_Task requirements_:
Could you write out, exactly and with no pictures, every line from the one containing "Her decision to" through the last line of the entries?

_Data for review_:
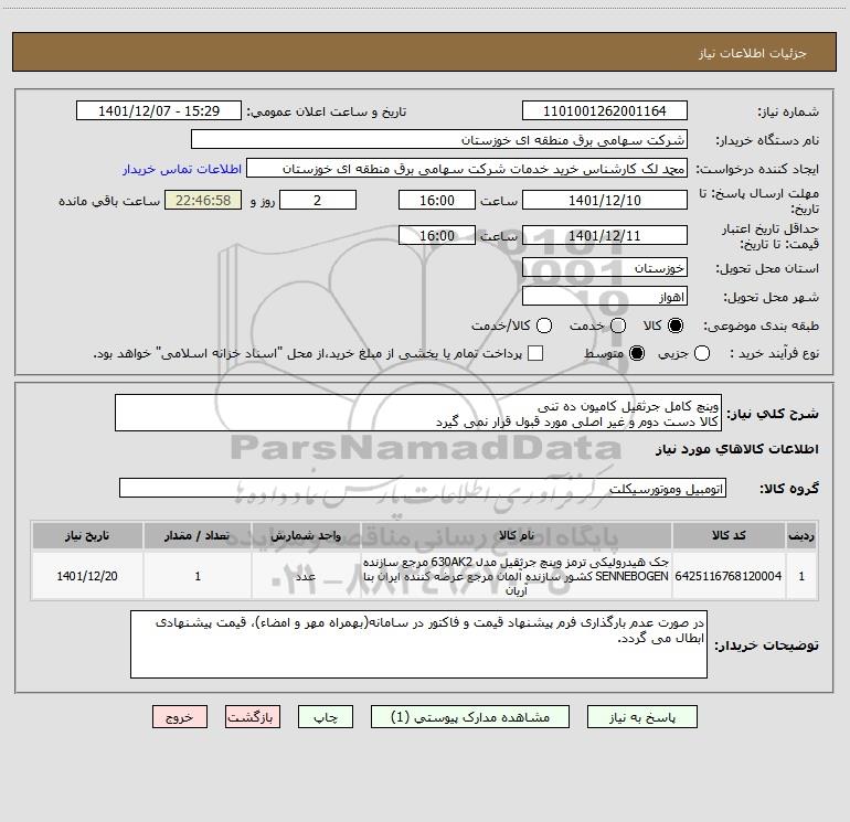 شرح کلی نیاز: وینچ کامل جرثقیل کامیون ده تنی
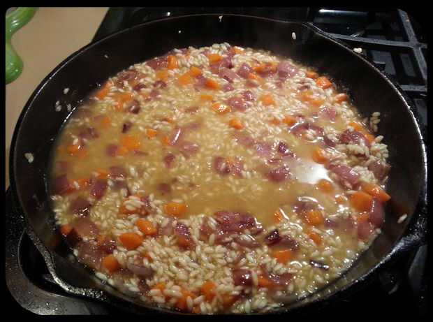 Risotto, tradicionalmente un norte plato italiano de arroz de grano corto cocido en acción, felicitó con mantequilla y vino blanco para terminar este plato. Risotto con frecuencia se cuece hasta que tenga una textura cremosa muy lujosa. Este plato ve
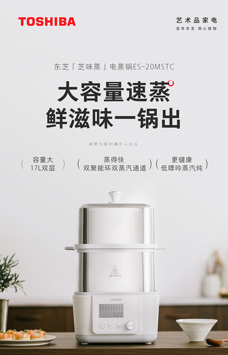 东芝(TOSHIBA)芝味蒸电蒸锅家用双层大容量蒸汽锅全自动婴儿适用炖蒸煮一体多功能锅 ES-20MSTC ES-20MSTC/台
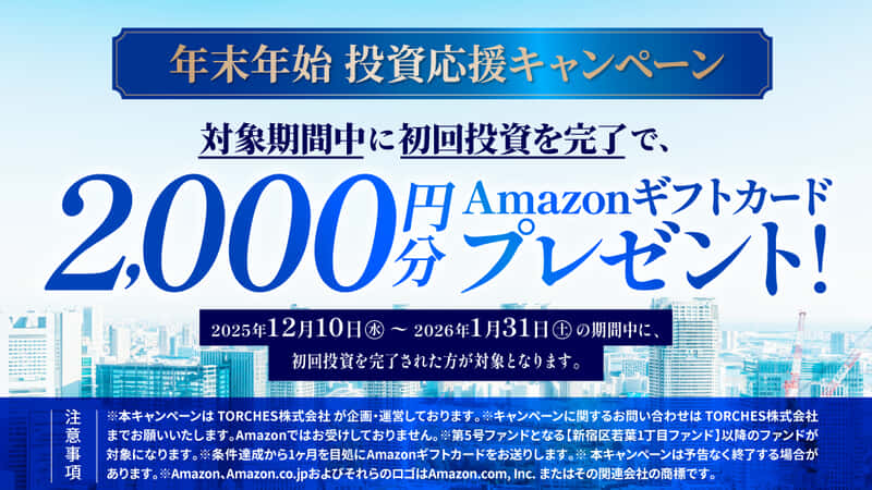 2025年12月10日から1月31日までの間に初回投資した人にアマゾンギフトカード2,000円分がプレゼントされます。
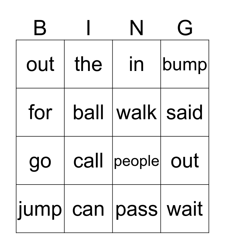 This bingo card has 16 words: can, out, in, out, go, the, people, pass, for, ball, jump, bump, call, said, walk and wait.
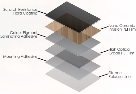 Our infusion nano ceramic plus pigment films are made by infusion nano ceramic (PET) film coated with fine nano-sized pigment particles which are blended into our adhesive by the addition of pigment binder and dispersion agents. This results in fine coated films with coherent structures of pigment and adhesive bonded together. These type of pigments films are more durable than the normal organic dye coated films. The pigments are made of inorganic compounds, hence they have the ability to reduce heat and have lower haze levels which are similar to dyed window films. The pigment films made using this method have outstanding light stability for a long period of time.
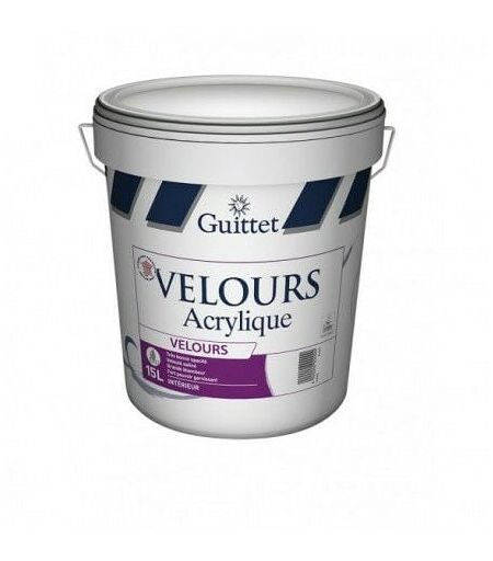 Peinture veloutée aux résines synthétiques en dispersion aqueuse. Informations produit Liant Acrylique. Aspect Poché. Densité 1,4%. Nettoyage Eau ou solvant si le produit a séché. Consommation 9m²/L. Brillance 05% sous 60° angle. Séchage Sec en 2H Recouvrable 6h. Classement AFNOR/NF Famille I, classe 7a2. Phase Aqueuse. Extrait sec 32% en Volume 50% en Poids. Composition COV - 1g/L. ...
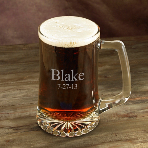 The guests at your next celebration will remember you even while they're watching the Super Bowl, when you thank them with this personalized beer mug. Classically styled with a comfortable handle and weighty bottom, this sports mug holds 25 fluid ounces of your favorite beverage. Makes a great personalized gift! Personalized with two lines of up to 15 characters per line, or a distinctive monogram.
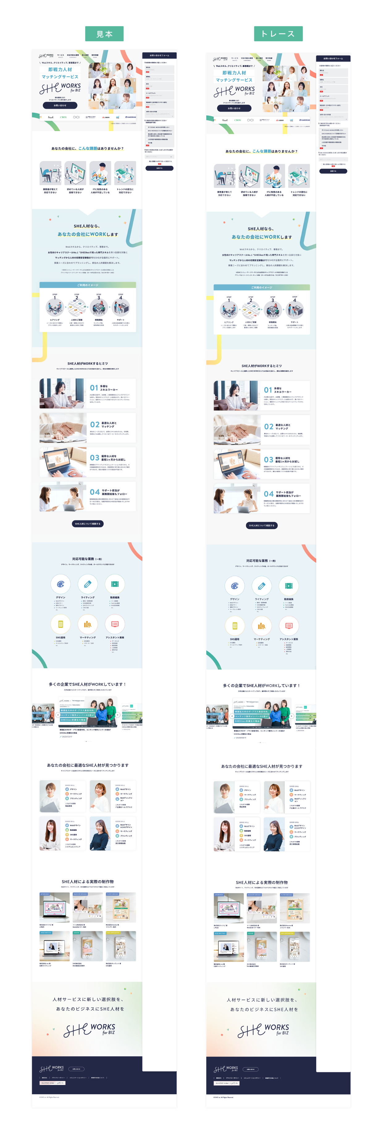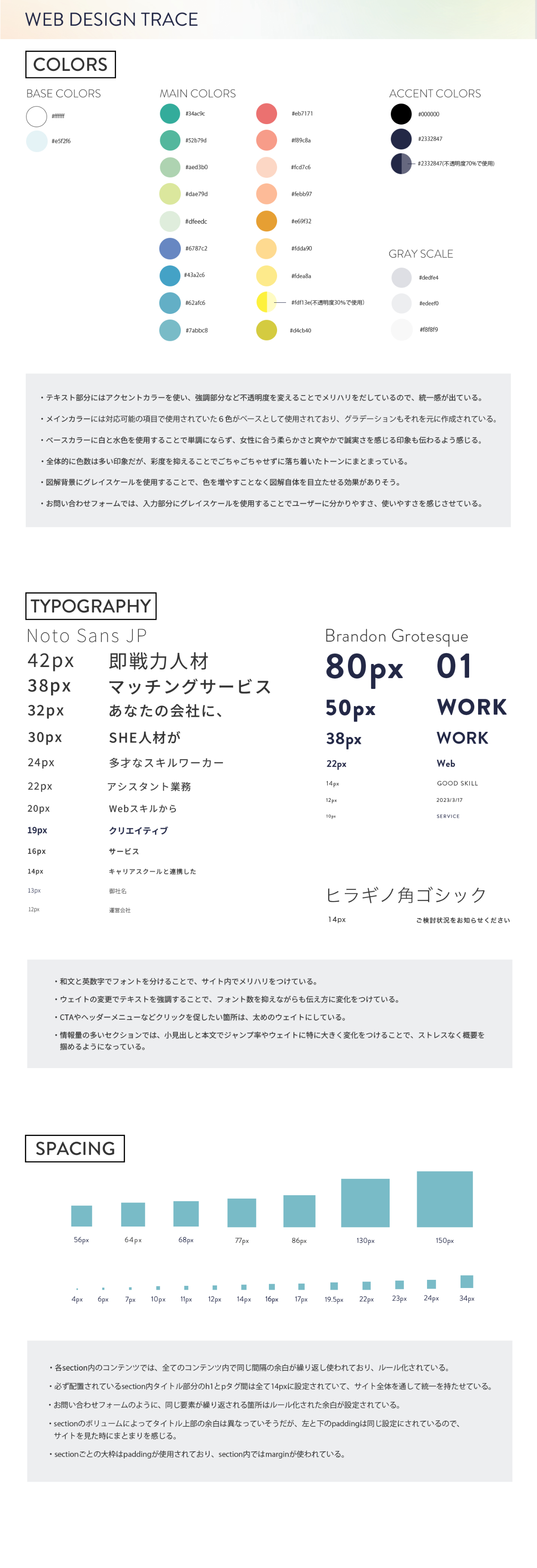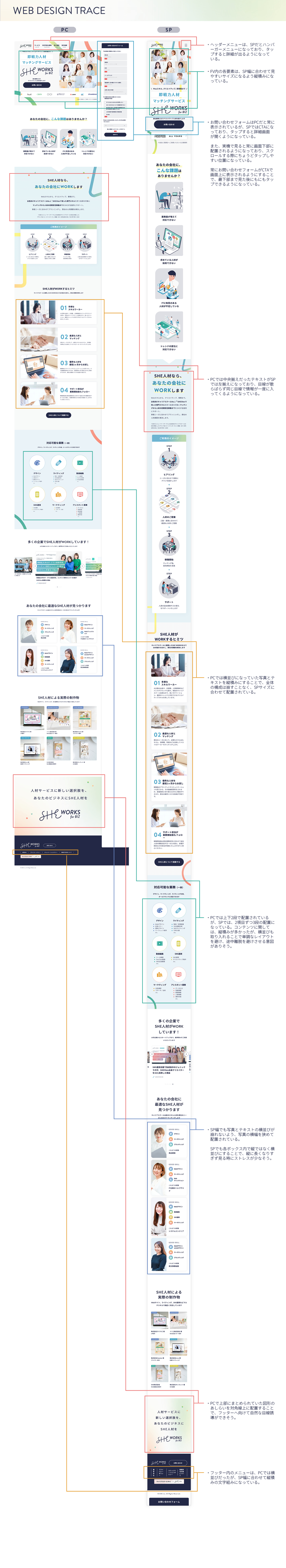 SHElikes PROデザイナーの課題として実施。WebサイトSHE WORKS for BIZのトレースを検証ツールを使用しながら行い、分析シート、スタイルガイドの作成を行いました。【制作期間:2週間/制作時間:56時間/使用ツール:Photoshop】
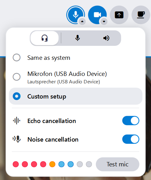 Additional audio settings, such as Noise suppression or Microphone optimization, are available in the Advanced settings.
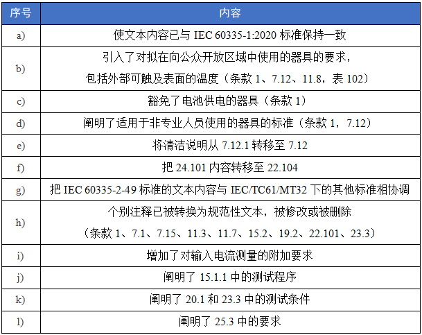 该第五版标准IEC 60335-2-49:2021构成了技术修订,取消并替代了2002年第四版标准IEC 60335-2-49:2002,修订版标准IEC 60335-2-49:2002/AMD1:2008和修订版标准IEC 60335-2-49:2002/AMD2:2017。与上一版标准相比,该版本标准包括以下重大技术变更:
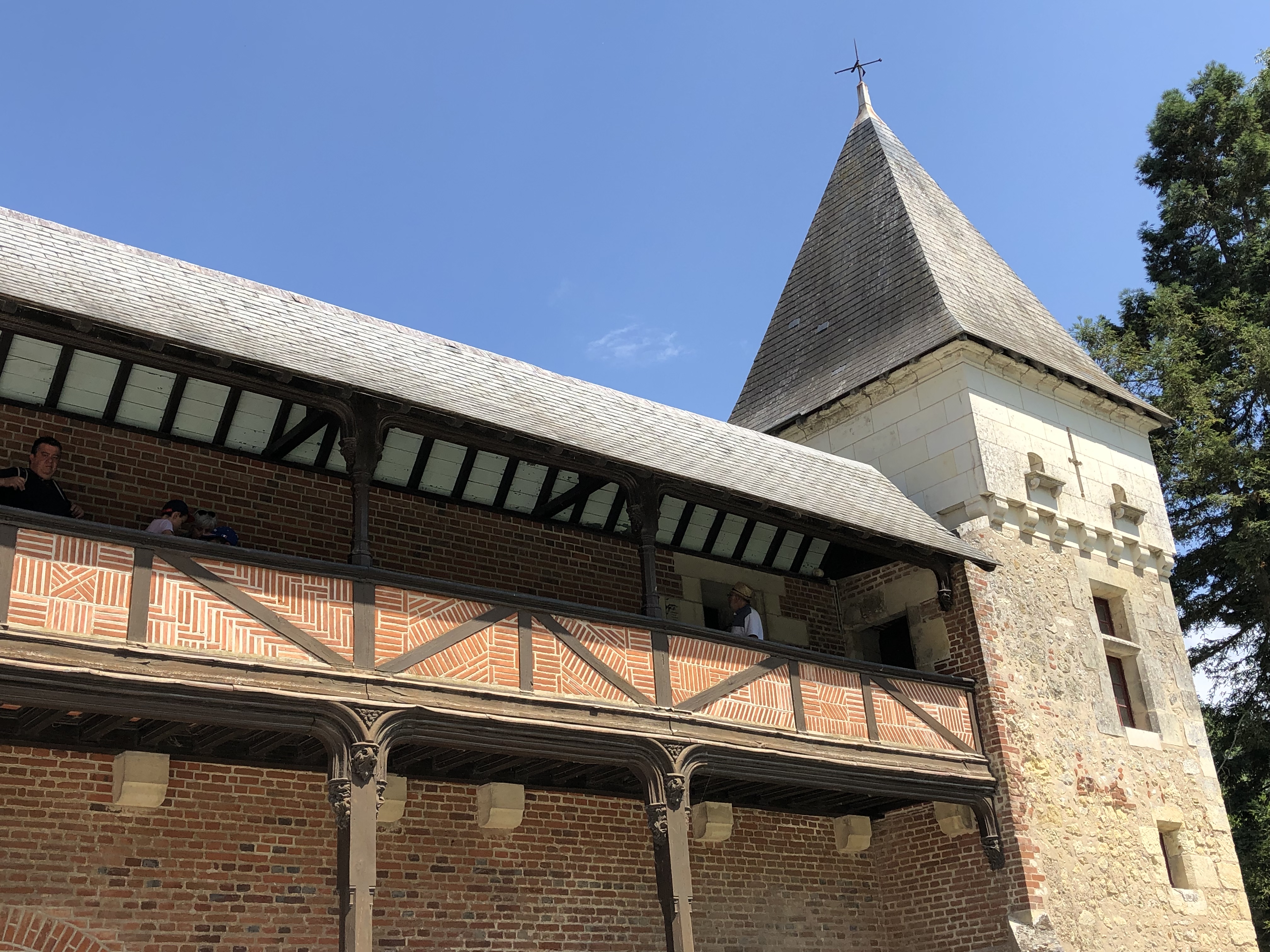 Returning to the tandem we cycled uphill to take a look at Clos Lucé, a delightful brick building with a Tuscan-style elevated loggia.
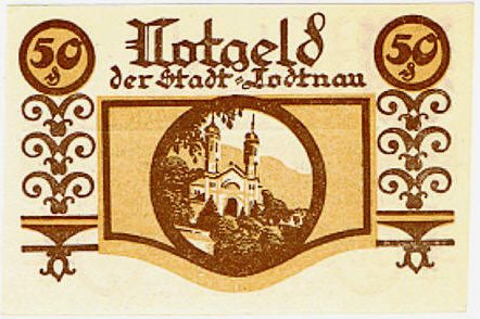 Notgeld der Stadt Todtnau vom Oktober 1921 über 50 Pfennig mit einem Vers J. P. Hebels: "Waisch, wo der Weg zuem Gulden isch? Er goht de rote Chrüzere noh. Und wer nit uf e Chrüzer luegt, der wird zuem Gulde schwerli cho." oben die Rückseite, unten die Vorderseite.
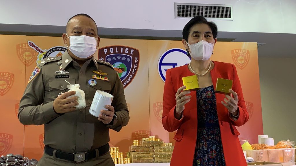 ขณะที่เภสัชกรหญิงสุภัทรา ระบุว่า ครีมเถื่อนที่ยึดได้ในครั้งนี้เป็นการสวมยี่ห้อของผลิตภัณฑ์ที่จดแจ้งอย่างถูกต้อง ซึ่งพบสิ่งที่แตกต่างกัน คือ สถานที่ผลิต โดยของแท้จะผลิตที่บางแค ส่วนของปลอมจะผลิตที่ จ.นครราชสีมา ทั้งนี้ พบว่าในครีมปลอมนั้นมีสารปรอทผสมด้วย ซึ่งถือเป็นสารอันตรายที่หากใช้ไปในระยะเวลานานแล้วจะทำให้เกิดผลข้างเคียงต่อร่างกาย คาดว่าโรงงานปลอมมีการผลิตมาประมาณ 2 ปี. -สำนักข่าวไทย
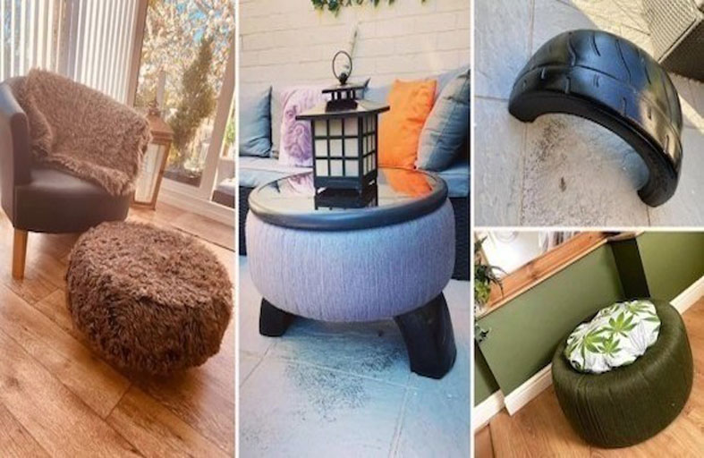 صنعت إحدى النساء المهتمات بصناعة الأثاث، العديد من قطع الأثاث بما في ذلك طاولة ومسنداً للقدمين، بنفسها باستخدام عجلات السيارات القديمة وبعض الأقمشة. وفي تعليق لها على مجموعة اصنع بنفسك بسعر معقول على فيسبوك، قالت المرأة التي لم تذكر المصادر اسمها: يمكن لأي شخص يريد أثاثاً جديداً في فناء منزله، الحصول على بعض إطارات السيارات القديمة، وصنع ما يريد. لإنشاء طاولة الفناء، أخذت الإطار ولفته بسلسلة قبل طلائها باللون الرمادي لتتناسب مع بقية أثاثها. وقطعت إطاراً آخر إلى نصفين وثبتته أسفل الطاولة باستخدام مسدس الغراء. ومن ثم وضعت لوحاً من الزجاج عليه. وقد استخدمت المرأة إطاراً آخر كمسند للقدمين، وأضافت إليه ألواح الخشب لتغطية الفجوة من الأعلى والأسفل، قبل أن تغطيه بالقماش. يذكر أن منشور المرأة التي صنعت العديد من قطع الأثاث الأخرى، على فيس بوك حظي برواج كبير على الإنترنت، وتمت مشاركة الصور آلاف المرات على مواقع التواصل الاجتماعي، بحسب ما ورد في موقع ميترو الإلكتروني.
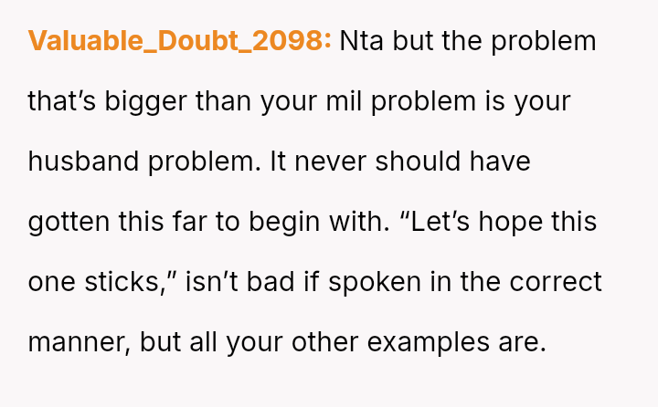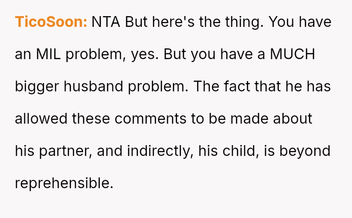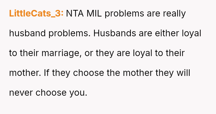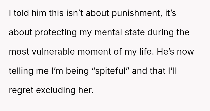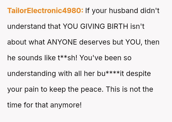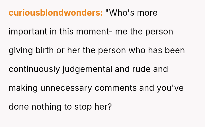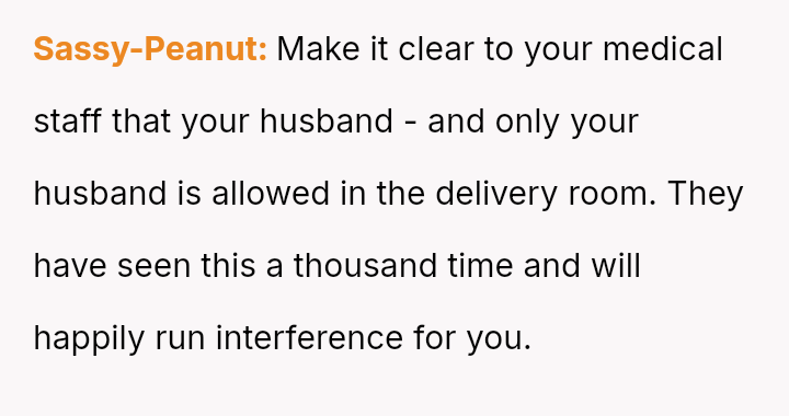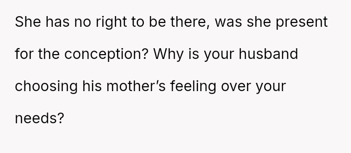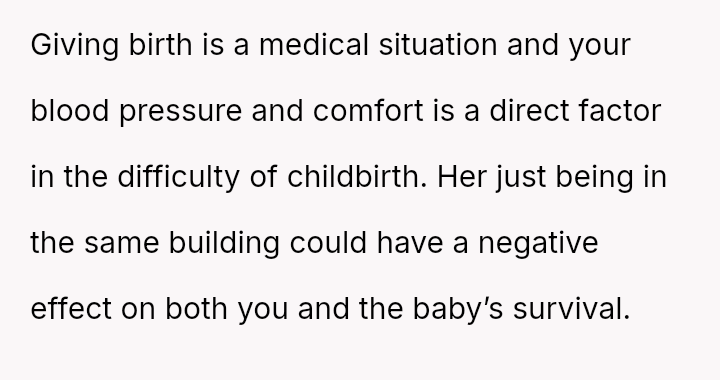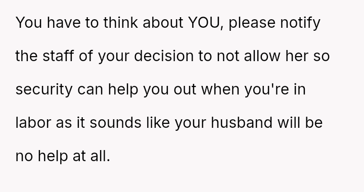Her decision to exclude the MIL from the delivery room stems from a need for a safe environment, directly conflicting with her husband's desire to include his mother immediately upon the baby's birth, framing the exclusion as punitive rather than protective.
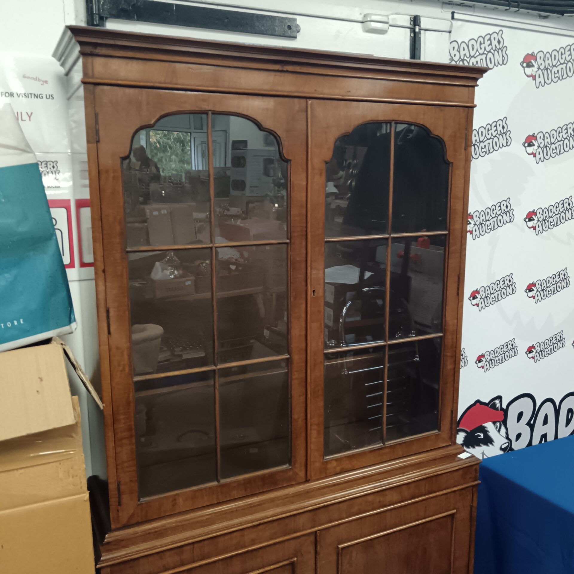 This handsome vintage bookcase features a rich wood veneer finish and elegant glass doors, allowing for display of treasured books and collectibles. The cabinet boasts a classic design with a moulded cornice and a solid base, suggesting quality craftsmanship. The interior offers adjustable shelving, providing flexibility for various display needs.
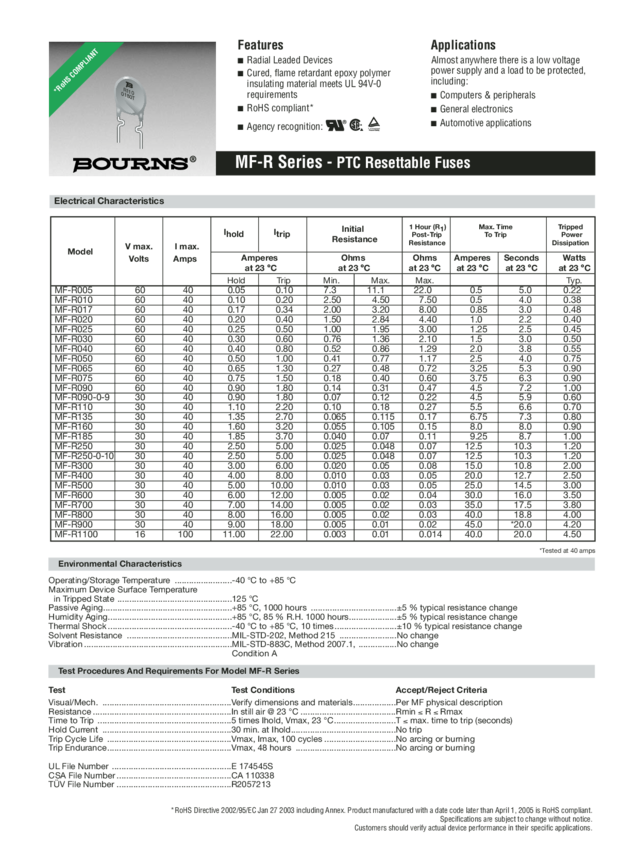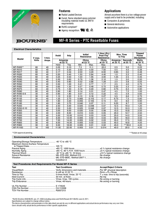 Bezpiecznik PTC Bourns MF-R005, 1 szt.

_Response to the task_:
Her decision to exclude the MIL from the delivery room stems from a need for a safe environment, directly conflicting with her husband's desire to include his mother immediately upon the baby's birth, framing the exclusion as punitive rather than protective.
 This handsome vintage bookcase features a rich wood veneer finish and elegant glass doors, allowing for display of treasured books and collectibles. The cabinet boasts a classic design with a moulded cornice and a solid base, suggesting quality craftsmanship. The interior offers adjustable shelving, providing flexibility for various display needs.
 Bezpiecznik PTC Bourns MF-R005, 1 szt.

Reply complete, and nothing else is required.